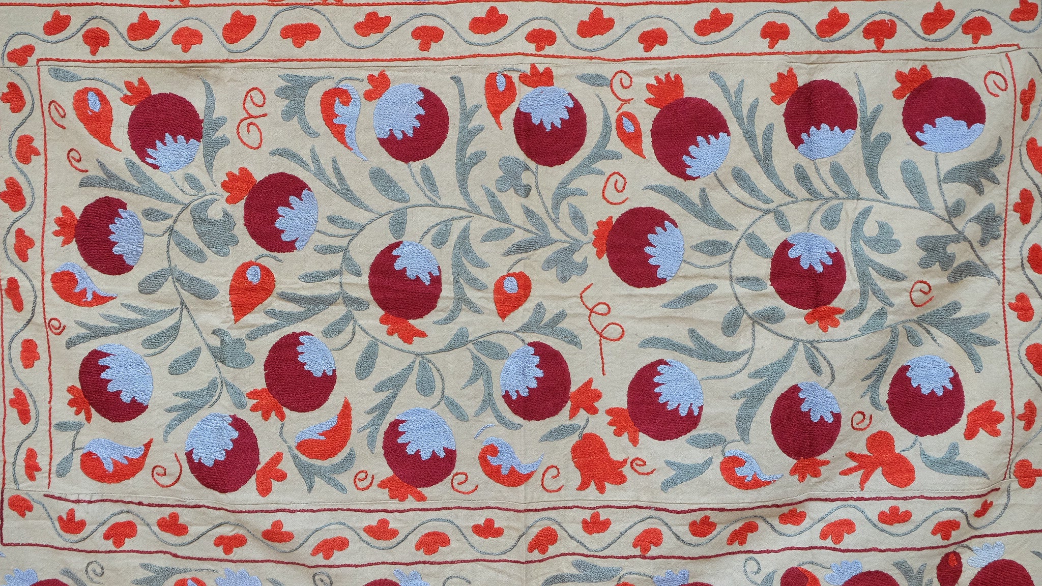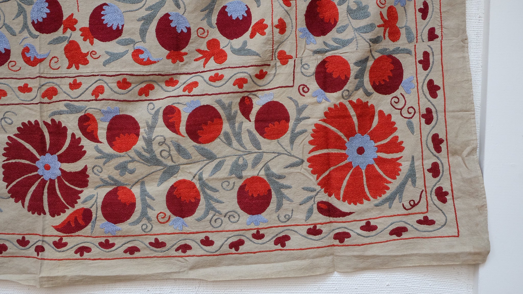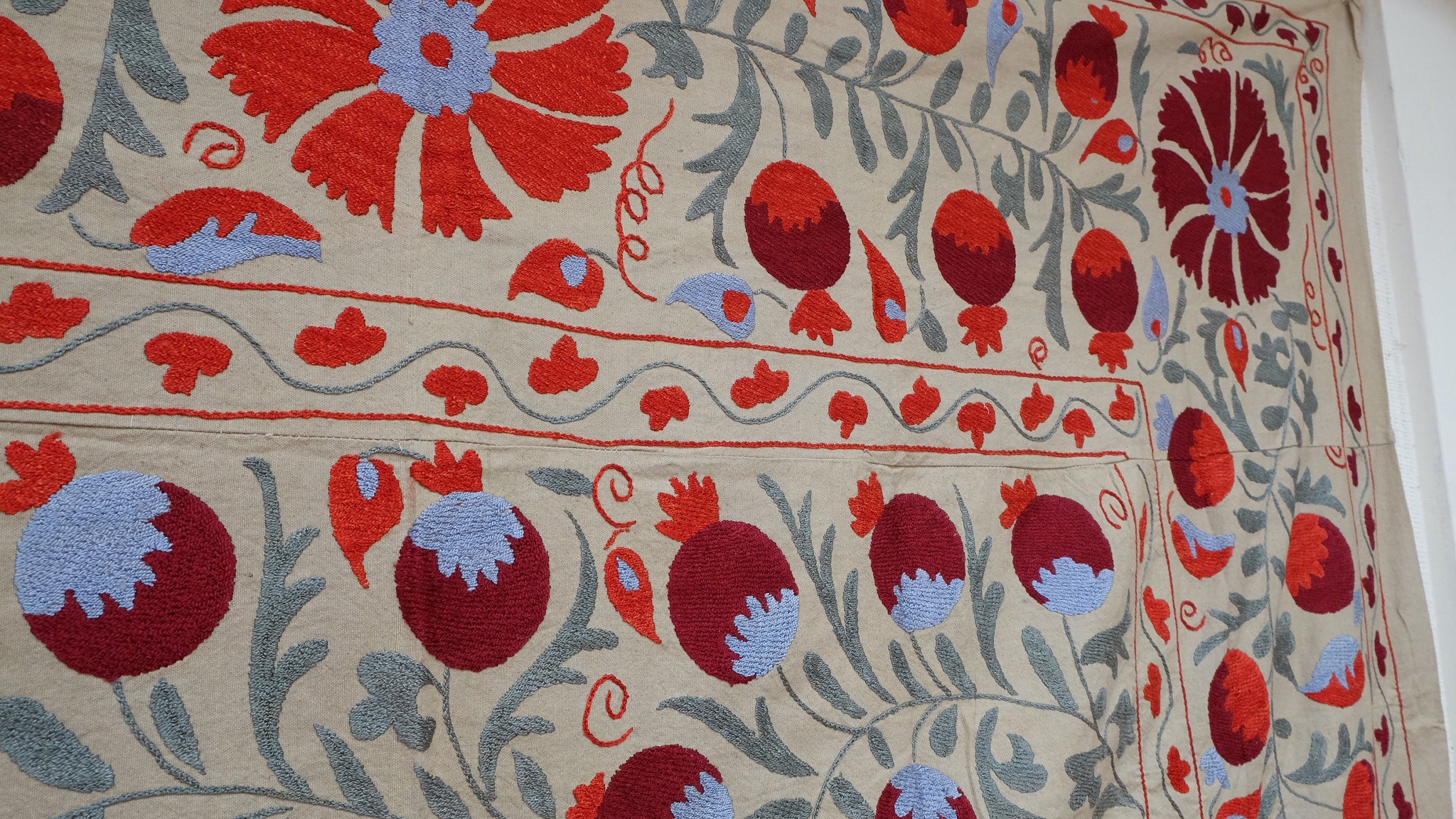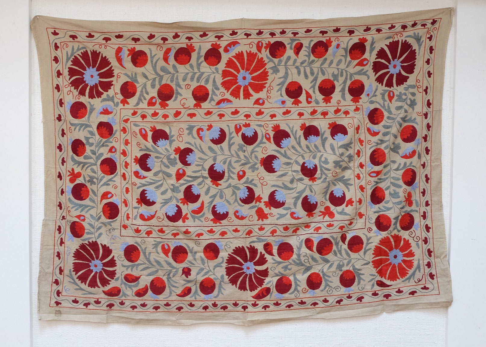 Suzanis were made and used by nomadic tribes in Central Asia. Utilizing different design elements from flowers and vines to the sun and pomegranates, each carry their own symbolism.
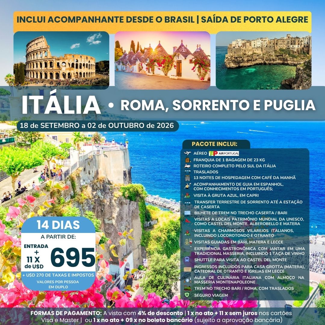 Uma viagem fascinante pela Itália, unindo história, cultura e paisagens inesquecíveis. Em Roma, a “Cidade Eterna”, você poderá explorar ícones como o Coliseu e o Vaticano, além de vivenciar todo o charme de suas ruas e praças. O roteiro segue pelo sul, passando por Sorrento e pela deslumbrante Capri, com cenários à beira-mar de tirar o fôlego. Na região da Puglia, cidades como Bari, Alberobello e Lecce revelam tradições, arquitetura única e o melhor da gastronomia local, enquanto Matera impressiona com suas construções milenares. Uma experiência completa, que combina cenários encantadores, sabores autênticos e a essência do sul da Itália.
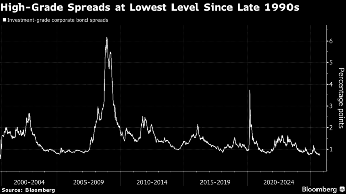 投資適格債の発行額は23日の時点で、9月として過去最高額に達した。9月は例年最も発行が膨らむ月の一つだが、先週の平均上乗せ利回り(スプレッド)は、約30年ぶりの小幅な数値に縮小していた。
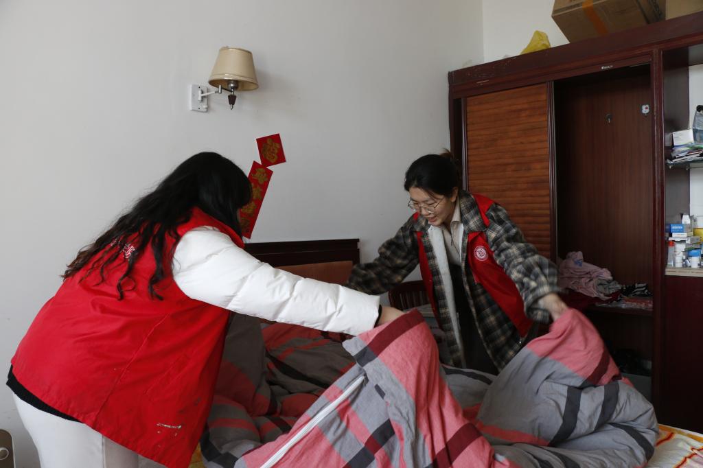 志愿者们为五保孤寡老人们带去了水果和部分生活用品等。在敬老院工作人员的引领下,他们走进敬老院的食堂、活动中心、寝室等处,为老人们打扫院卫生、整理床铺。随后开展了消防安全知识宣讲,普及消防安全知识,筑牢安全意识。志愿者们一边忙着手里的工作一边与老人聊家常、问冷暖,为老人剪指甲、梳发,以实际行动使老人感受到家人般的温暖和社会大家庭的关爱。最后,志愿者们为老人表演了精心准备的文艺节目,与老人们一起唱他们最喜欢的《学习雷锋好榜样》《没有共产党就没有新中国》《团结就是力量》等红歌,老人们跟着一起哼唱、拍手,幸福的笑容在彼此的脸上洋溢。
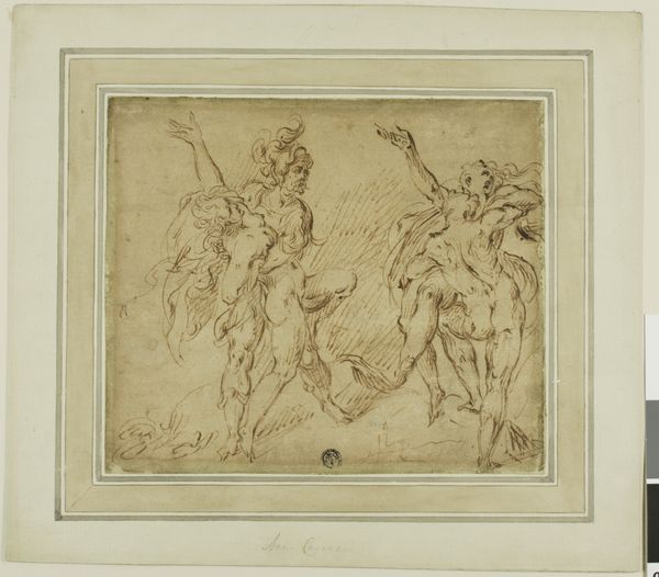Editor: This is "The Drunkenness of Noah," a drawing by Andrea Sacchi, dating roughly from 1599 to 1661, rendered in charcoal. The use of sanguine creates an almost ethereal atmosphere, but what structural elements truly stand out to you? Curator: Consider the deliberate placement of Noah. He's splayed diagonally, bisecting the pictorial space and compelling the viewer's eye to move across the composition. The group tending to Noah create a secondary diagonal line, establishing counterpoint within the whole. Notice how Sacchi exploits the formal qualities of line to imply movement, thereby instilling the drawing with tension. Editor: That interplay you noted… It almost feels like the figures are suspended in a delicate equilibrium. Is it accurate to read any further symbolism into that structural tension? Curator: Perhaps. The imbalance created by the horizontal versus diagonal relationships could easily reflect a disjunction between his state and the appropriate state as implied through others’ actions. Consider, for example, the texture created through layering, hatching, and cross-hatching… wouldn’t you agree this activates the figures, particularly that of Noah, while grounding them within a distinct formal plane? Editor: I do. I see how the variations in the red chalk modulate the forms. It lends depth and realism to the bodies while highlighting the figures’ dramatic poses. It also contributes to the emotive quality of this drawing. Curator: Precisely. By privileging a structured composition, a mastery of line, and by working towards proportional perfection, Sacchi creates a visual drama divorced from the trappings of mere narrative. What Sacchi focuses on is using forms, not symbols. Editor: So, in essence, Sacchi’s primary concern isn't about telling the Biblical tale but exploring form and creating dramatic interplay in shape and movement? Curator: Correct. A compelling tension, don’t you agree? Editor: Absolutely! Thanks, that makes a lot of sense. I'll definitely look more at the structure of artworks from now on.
● ● ●
## WHAT THIS TASK INVOLVES
Begin at the top of the material above and output each line exactly, stopping after the line that holds "Uma viagem fascinante". Leave out pictures.

## ANSWER TO THIS TASK
 Suzanis were made and used by nomadic tribes in Central Asia. Utilizing different design elements from flowers and vines to the sun and pomegranates, each carry their own symbolism.
 Uma viagem fascinante pela Itália, unindo história, cultura e paisagens inesquecíveis. Em Roma, a “Cidade Eterna”, você poderá explorar ícones como o Coliseu e o Vaticano, além de vivenciar todo o charme de suas ruas e praças. O roteiro segue pelo sul, passando por Sorrento e pela deslumbrante Capri, com cenários à beira-mar de tirar o fôlego. Na região da Puglia, cidades como Bari, Alberobello e Lecce revelam tradições, arquitetura única e o melhor da gastronomia local, enquanto Matera impressiona com suas construções milenares. Uma experiência completa, que combina cenários encantadores, sabores autênticos e a essência do sul da Itália.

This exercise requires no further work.